Solidarity Now: How Close Is The CPL To A CBA?

If you are the type to look for signs, there were a few to be seen recently on the Canadian soccer labour front. Marcel DeJonge was thanked by Drew Beckie on Twitter for his service, as family issues called him to vacate his seat as PFACan President. Then I came across news that International Labour Organization (ILO), an important United nations body, had signed a Global Labour Agreement, aiming to be the first international agreement on rights and working conditions for male and female players in 66 unions around the world. And then of course the announcement that former PFACan Vice-President Marco Carducci would be stepping up to take over as the new President until the next election in 2023 at least.


With the CanMNT recently forming their own Player’s Association to negotiate with Canada Soccer which follows the lead of the CanXNT who formed the Canadian Soccer Players Association (CSPA) previously, it seems it is time to get down to business and start recognizing the players, and their working conditions and compensation.

This has been a very uncomfortable time for soccer in Canada, as talking about unions seems verboten. It spoils the party atmosphere. But it was a ray of light offered from new CPL Commissioner Mark Noonan that make me feel it doesn’t have to be that way. He made it clear that all pro soccer leagues have to have sometimes uncomfortable conversations with labour in one of his first interviews on the job. And that is where the powers that be are right now with players on the national and domestic scene. In a time where uncomfortable conversations have to be had.
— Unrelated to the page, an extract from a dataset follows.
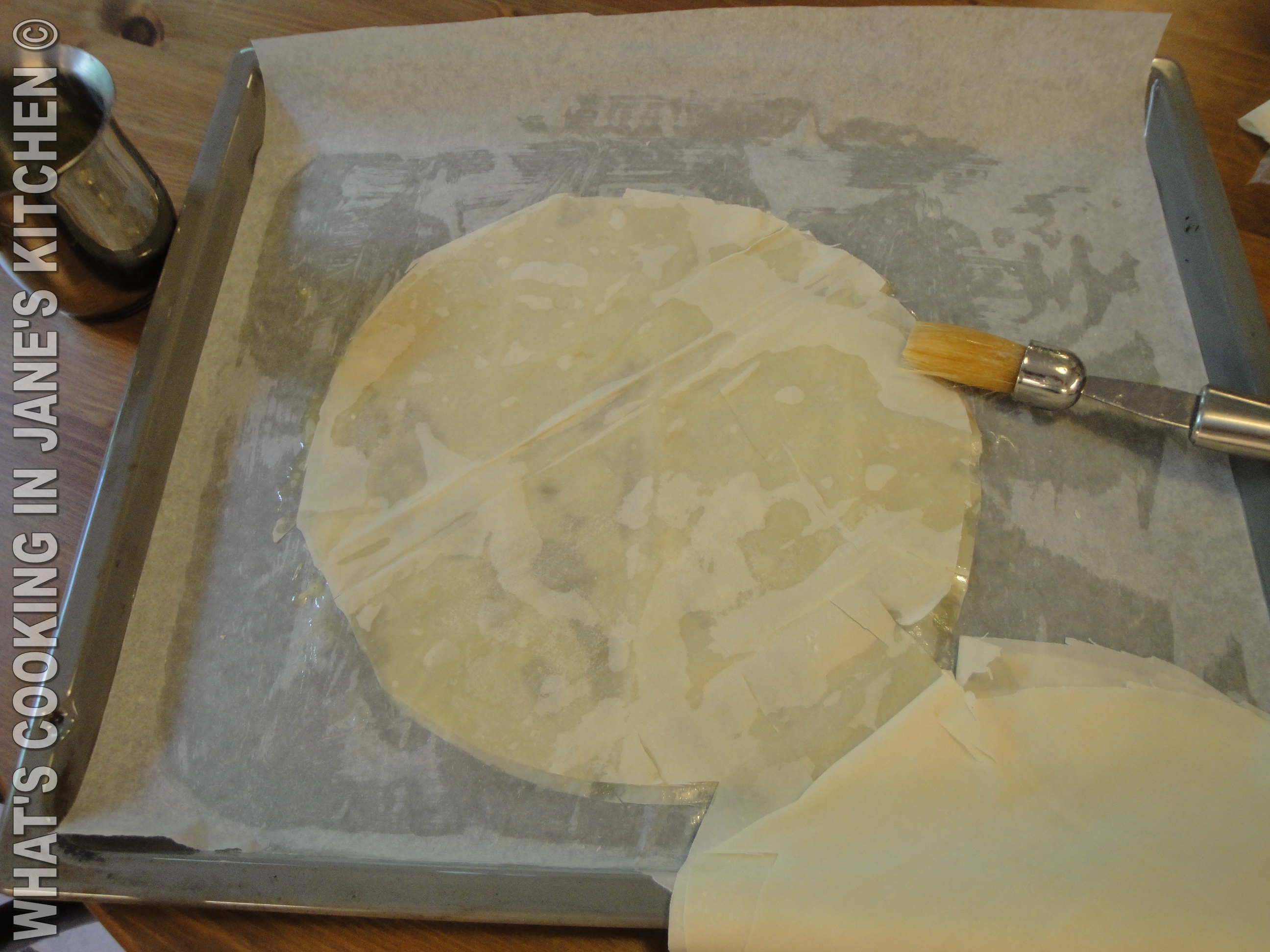round with a pair of scissors and quickly butter the sheets of Filo, using pastry brush.

Marco Carducci, Cavalry FC

The elephant in the room is of course the Canada Soccer Business (CSB) agreement between Canada Soccer (CS) and the CPL owners. It is well-known by CPL diehards. At least in principle. In basic terms it goes something like this: The owners of the teams of the CPL came together and formed the CSB, like SUM for MLS diehards. Together they agreed with CS in 2018 to take care of all sponsorship agreements for CPL and the Women’s and Men’s National Teams in exchange for stable annual funding. I won’t go into exact numbers because I obviously have never seen the private contract. This has something for everyone supposedly.


CS can budget knowing exactly how much comes from this deal for the first ten years (First ten because CSB has an option for an additional ten – at a higher rate). That is more stability than the CS could provide for itself in those leaner years.
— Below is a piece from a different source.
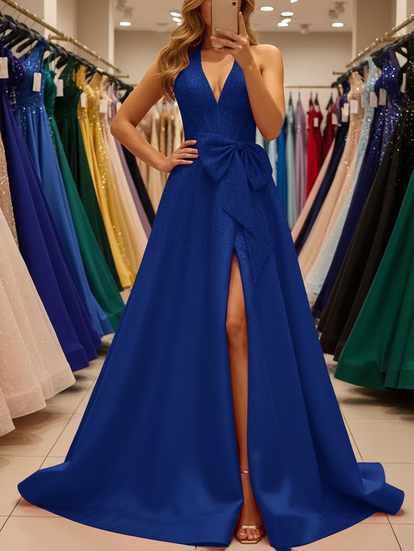 This satin prom gown features sparkly beading with big bow on the bodice. The halter maxi dress has a V-neckline and split hem. Worldprom ball gown prom dresses are ideal for party, evening or festivals.

CPL has another revenue stream in uncertain times, besides gates. With the CSB being made up of sports businessmen like Scot Mitchell of Hamilton Sports Group and the CPL owners, they are better placed to make marketing deals such as sponsorship agreements for the CanMNT/WNT and the CPL. Assuming they can sign deals above and beyond the amount they promise to pay out to CS each year, they can reinvest the difference into their CPL teams in equal shares.
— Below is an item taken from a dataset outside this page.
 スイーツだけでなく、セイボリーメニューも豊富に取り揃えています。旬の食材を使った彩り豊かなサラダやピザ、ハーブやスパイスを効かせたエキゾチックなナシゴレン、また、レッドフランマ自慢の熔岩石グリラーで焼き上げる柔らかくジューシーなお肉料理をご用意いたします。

And another revenue stream the CSB has is through their partnership with MediaPro/OneSoccer. One Soccer will broadcast all CanWNT/MNT and CPL games and own the rights to sell their productions. A good deal for CS, who had in the past had to pay for their games to be played on air via cable tv. And MediaPro has already sold the CPL to Fox in the US and to an outfit in the Caribbean. And since we have seen games on CBC for the women (Not the Olympics, that’s a CBC jam), and Sportsnet for the men, we can surmise that MediaPro may have sold some one-offs in Canada. (CBC also covered a game of the week during the 2020 Island Games for the CPL).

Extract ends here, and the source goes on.